Print exactly and only the lines that run from the one containing "EMR通讯技术中心,延续了V" through the end of the material, please, omitting pictures.

**Provided material**
⁂

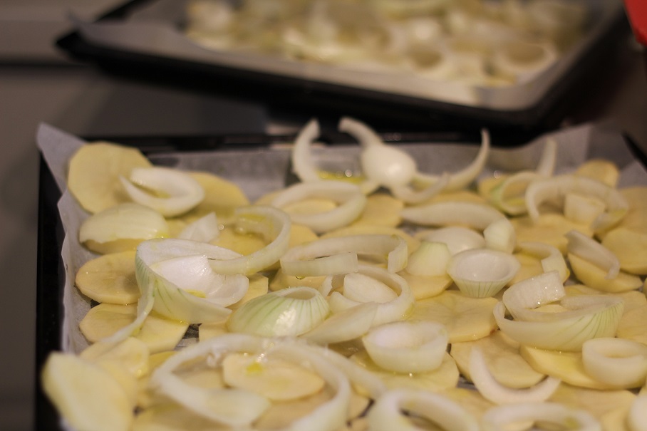 זה לקח לי 4 תבניות לכל הכמות הזו- כלומר שמתי בתנור שתי נגלות של שתי תבניות. זה חשוב להניח שכבה אחת של תפוחי האדמה ולא אחד על השני כדי שיתבשלו באופן אחיד, לכן תתכננו את הזמן שתספיקו להכין. אין בעיה להשאיר את תפוחי האדמה והבצל בקערה ולהכין את הטורטיה מאוחר יותר.
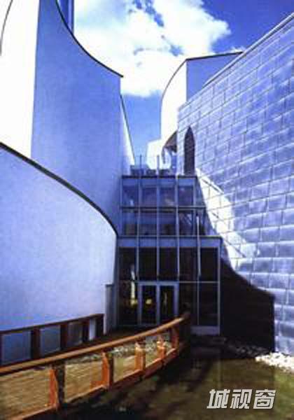 EMR通讯技术中心,延续了Vitra博物馆的美学。弯曲的墙面与曲线的木桥相得益彰。和最初的曲型结构相比,盖里近期的作品更加柔和和流畅了。同样的钛金属面材在他的手中变得服贴,像丝绸一样泛着精致柔和的光芒。技术性越发退后了,仿佛是天外的来客,带着梦幻的色彩,艳丽不可方物。
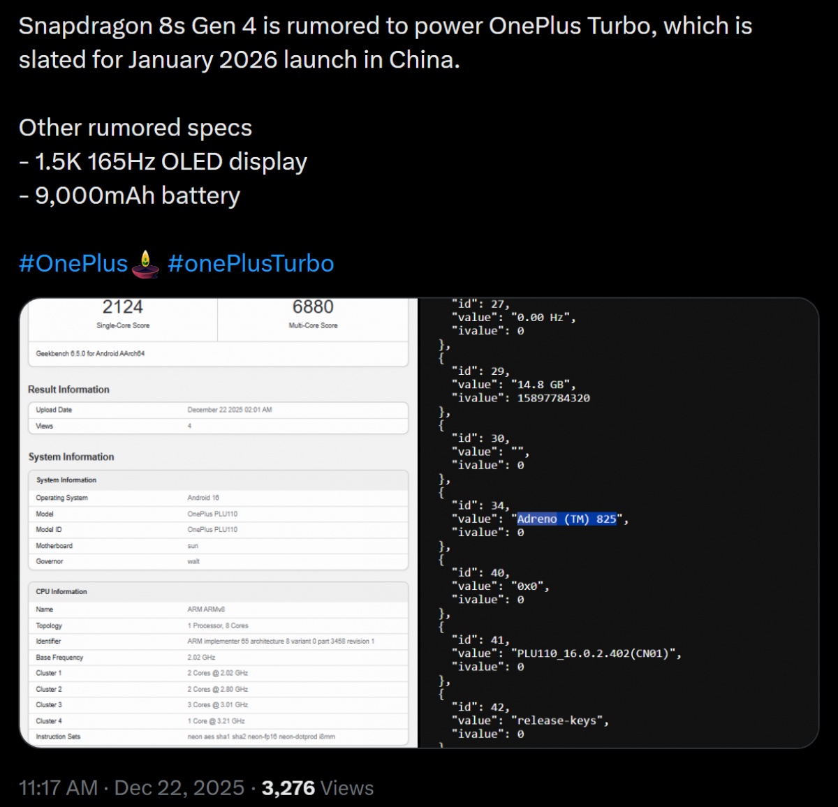 터보(OnePlus Turbo)’가 벤치마크 데이터베이스를 통해 윤곽을 드러냈다.

⁂

**Exercise answer**
 EMR通讯技术中心,延续了Vitra博物馆的美学。弯曲的墙面与曲线的木桥相得益彰。和最初的曲型结构相比,盖里近期的作品更加柔和和流畅了。同样的钛金属面材在他的手中变得服贴,像丝绸一样泛着精致柔和的光芒。技术性越发退后了,仿佛是天外的来客,带着梦幻的色彩,艳丽不可方物。
 터보(OnePlus Turbo)’가 벤치마크 데이터베이스를 통해 윤곽을 드러냈다.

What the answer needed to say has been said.